Полная версия:
Тот, кто срывает цветы
Я начал писать. Слова никак не желали складываться в предложения, все казалось мне каким-то слишком вычурным. Я отложил ручку и надавил пальцами на виски. У меня ничего не получалось. Все было неправильно. Я встал, запер дверь, достал из кармана джинсов сигареты и распахнул окно. Мне бы не хотелось, чтобы меня использовали после смерти. Мне бы хотелось, чтобы обо мне рассказали правду. Мне бы не нужна была жалость. Только правда. Курил я быстро, слишком быстро. Сигарета растаяла в моей руке – я и не заметил. На улице темнело. Я увидел, как около нашего подъезда остановилась машина. Из нее выбрался человек. Это был Самуэль Байер. Он поднял голову, и мне показалось, что наши взгляды встретили, хотя, нельзя было сказать наверняка.
Я закрыл окно, вернулся на место, пробежал взглядом по строкам, что успел написать и еще раз пришел к выводу, что это никуда не годится. У меня еще оставалось несколько дней, поэтому я решил вернуться к статье позже.
В коридоре послышался какой-то шум, и Оскар мгновенно зашелся громким лаем.
– Тише, – я погладил его по спине. – Все хорошо.
Когда я решился выйти из комнаты, Байер уже был в кабинете отца.

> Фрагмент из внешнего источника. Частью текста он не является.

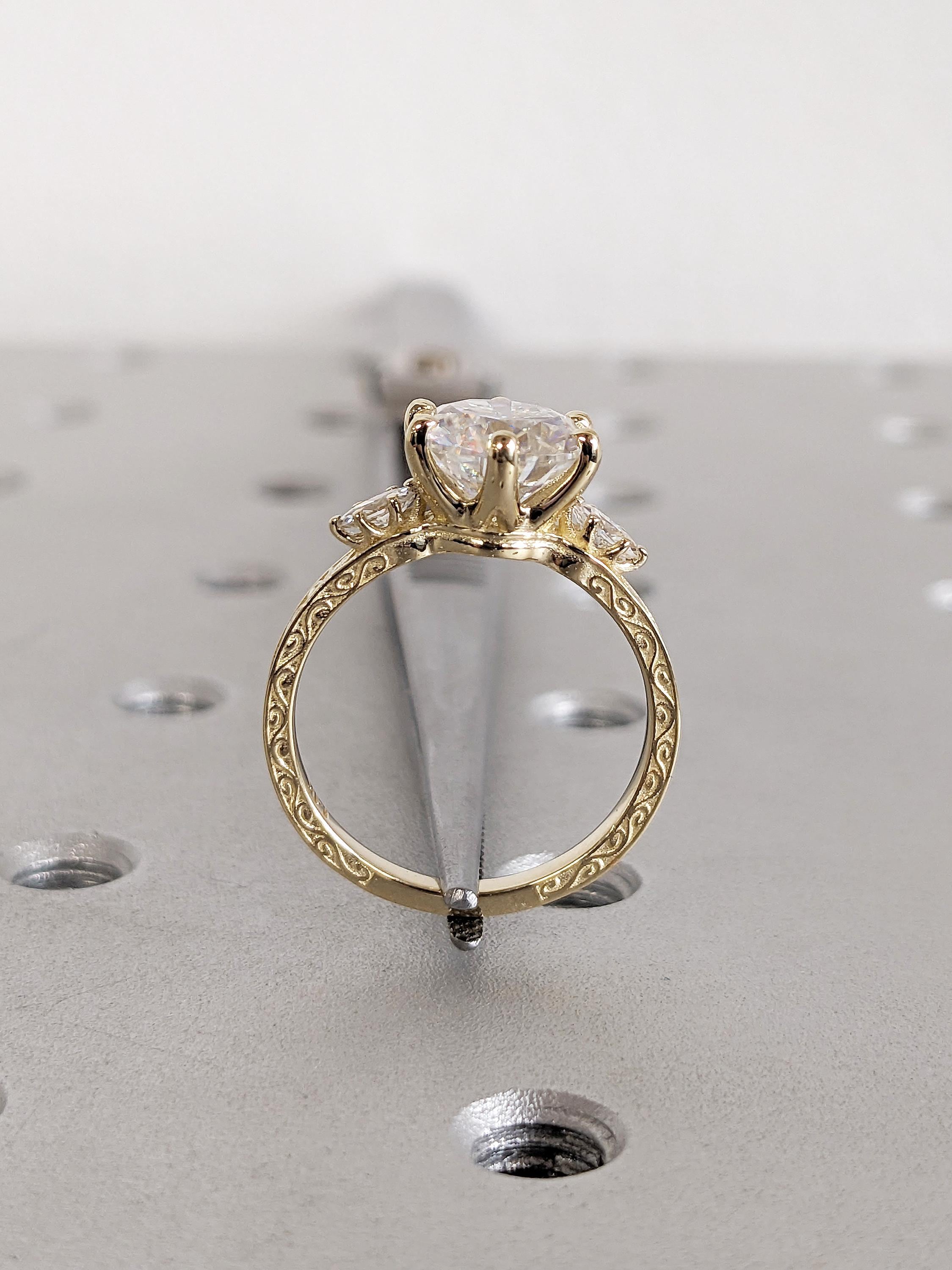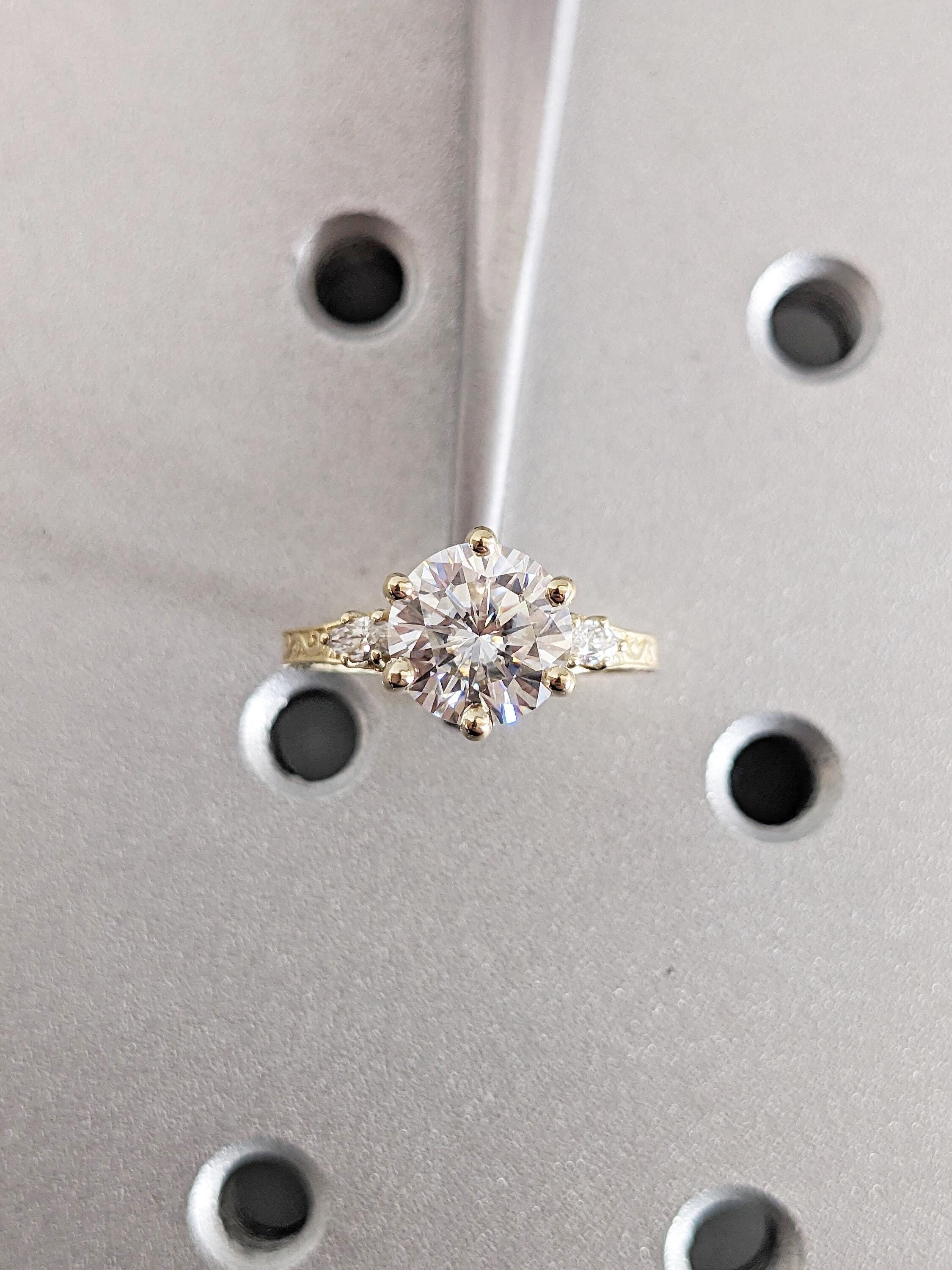 Presenting a stunning masterpiece: our vintage-inspired round-cut Lab Grown Diamond engagement ring in a prong setting. Customize it with your choice of marquise cut Natural Diamonds, Lab Grown Diamonds, or Moissanite side stones. Featuring exquisite undulating wave filigree, this remarkable piece offers a unique touch of elegance that endures through time.
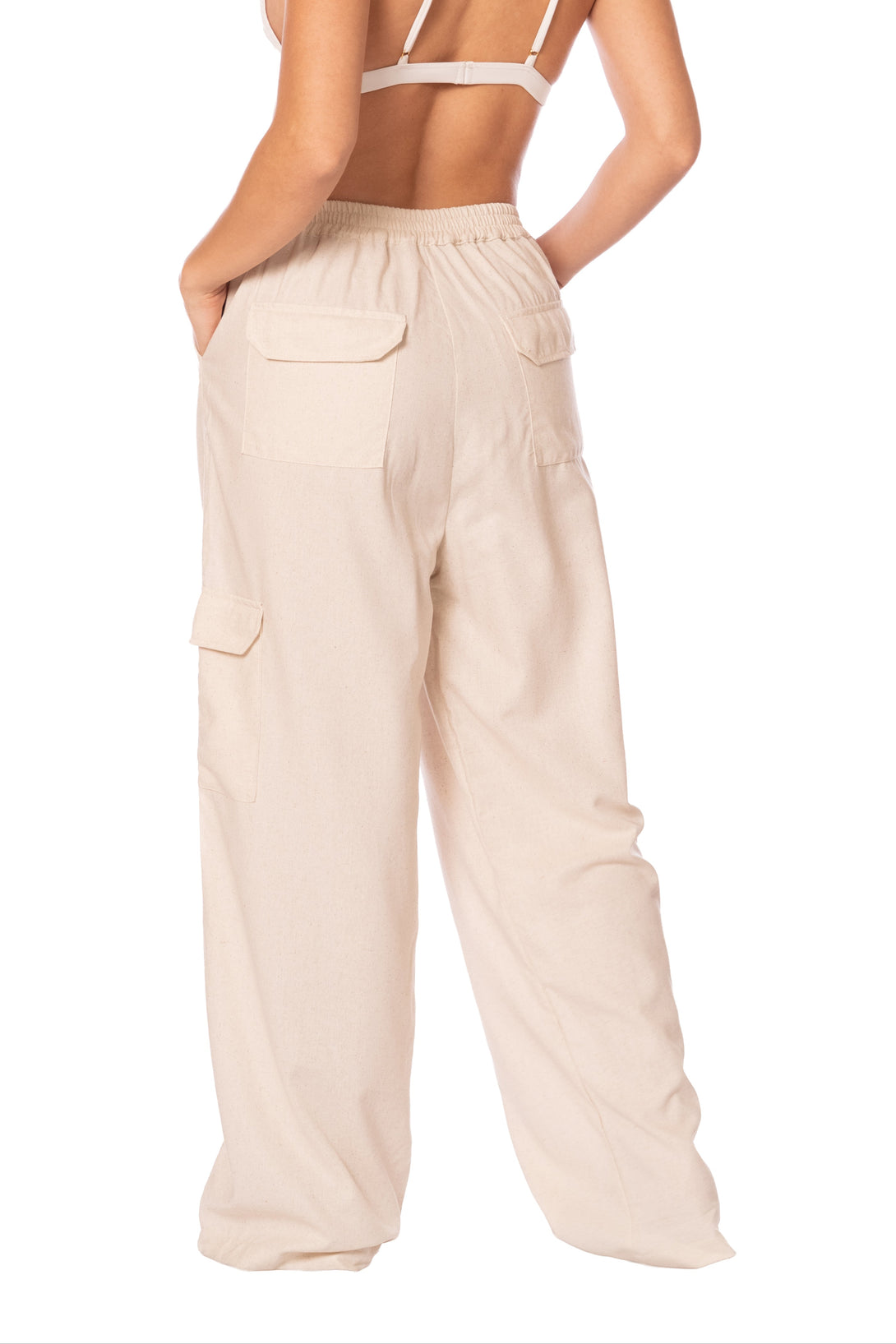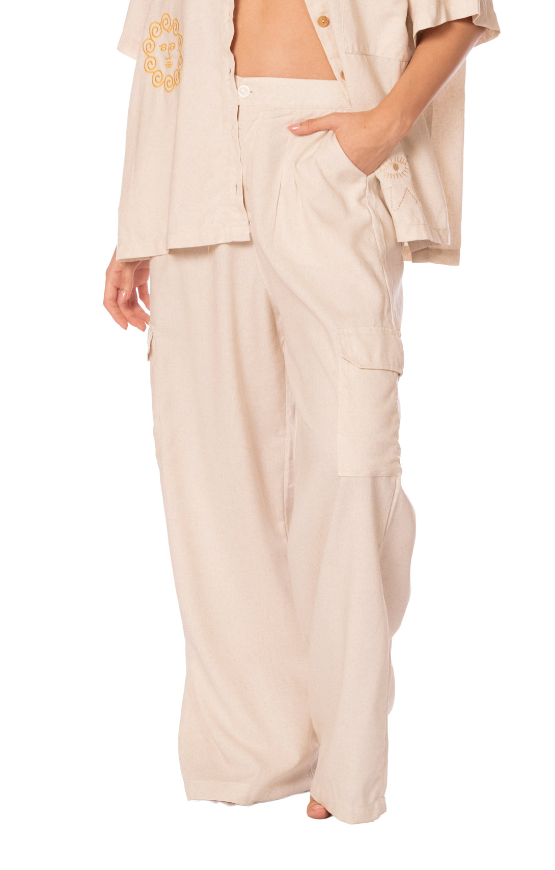 Pantalón cargo, tiro alto, cinturilla elástica y cierre de cremallera y botón. Con detalle en uno de sus bolsillos de un sol bordado.
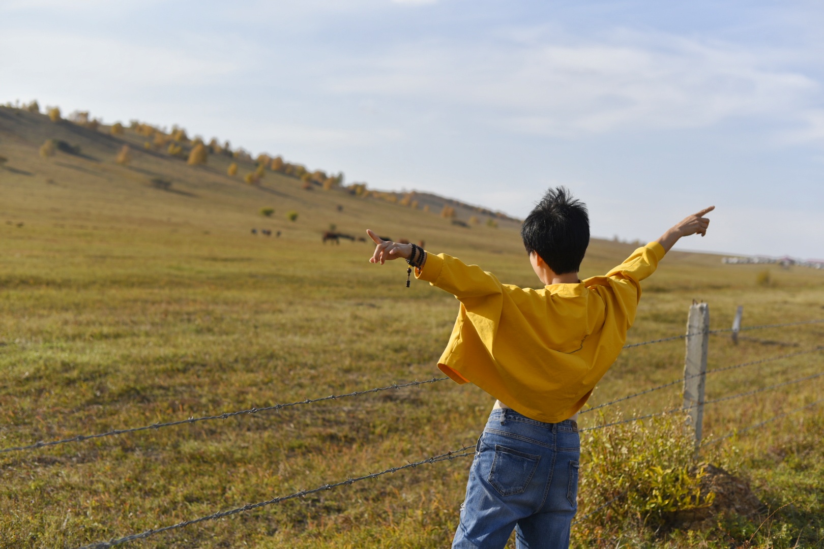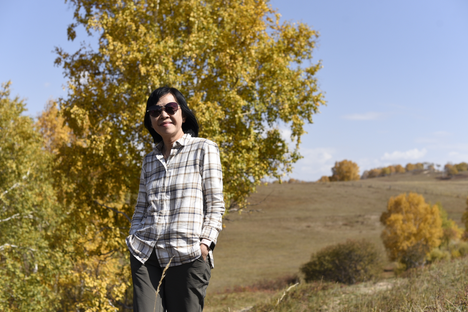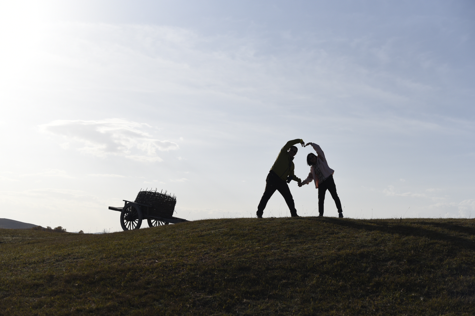 站在草甸的高处,背着太阳来一个剪影照,也是另一种美。
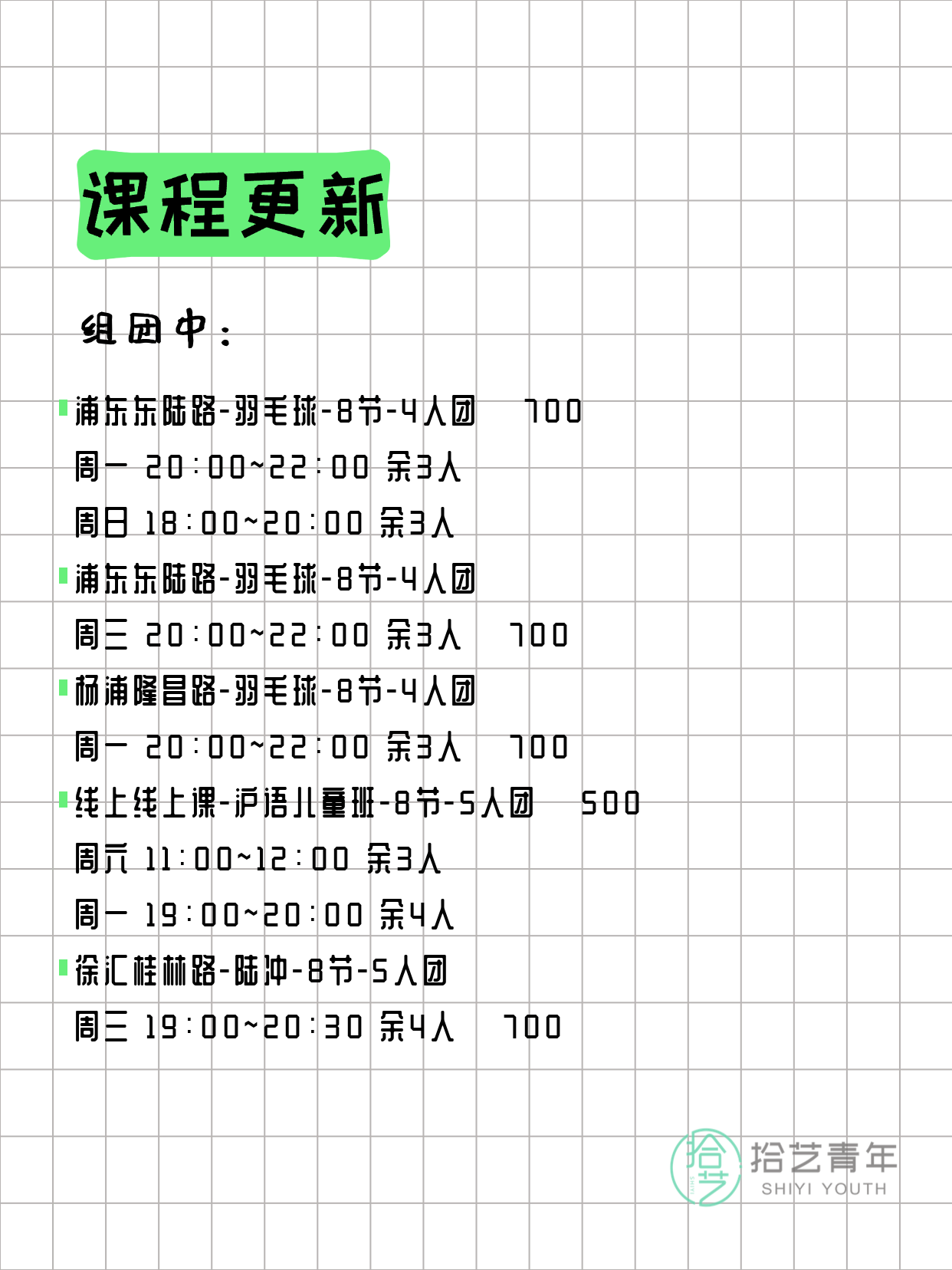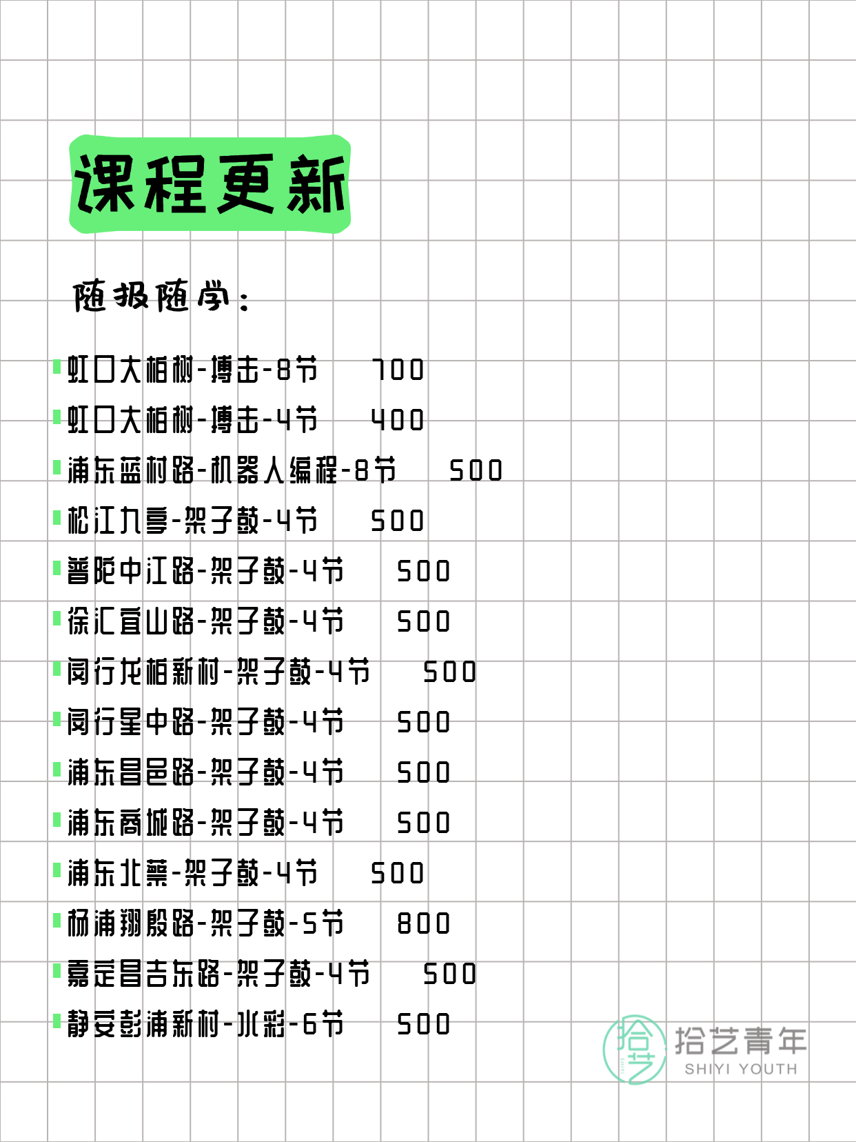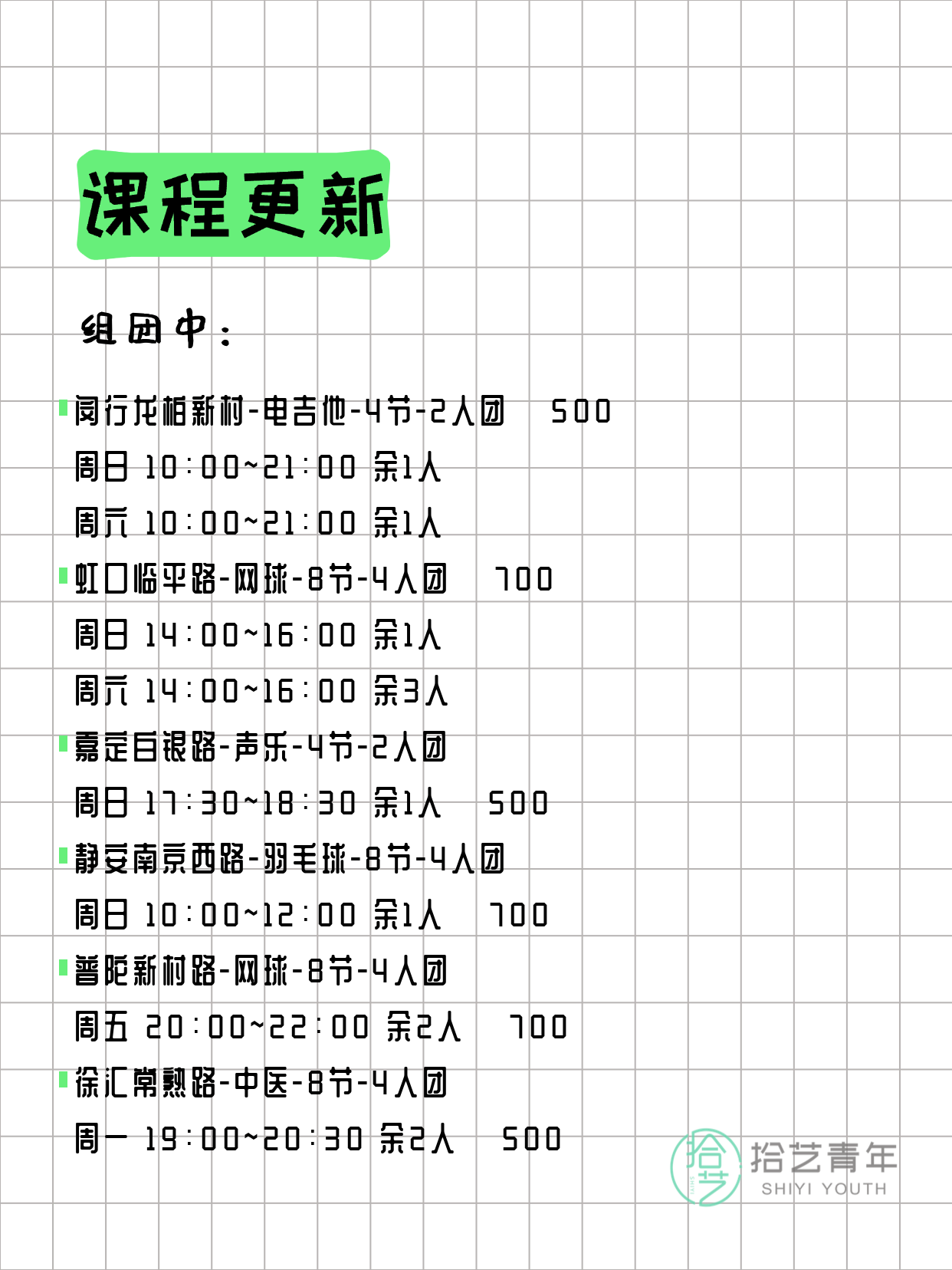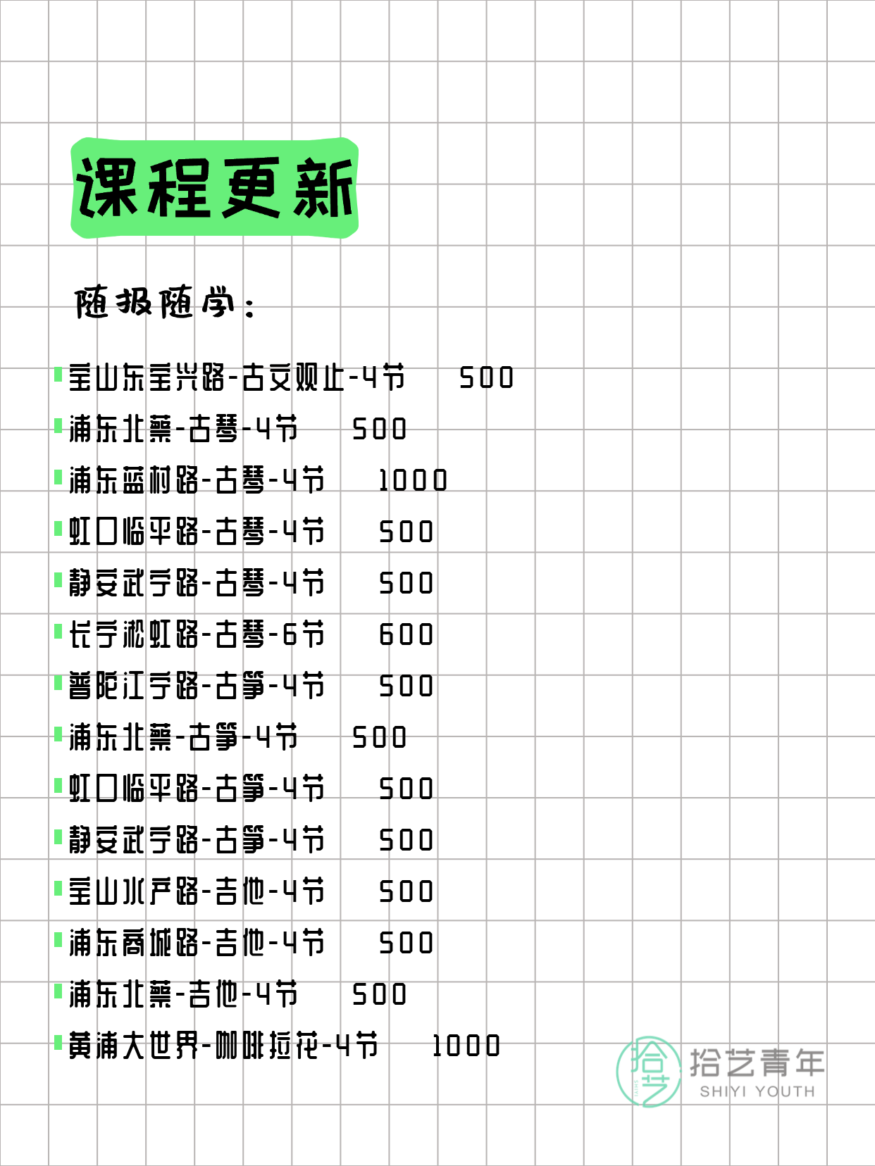 资讯>综合>正文3月15日上海夜校课程合集拾艺青年2026-03-151 / 17📊 本期课程概况• 总课程数:371门• 组团中课程:83门• 覆盖区域:15个区详见图片,欢迎报名咨询。💡 提示:以上课程信息来自拾艺青年小程序,课程可能随报名动态变化,具体以小程序实时信息为准。👉 微信小程序链接:#小程序://拾艺青年/WmfwH22mnQUxZwb

Они рассматривали фотографии, разложенные на письменном столе.
– Добрый вечер, – сказал я.
– Лео? – отец обернулся и удивленно поднял брови. – Я думал, что ты побудешь у себя.
Я тоже так думал, но не удержался. Все, что было связано с Ванденбергом притягивало меня к себе магнитом. Я не мог оставаться у себя в комнате. Не мог. Это было сильнее меня.
– Это ваш сын?
Байер взглянул на меня с интересом. Он был таким же, как и на фотографиях, что я видел сегодня утром, но с одним только отличием: он устал. Его выдавали синяки под глазами. Байер маскировал измотанность за белой рубашкой и галстуком, за открытой улыбкой и приветливым тоном, но он устал, и я хорошо видел это.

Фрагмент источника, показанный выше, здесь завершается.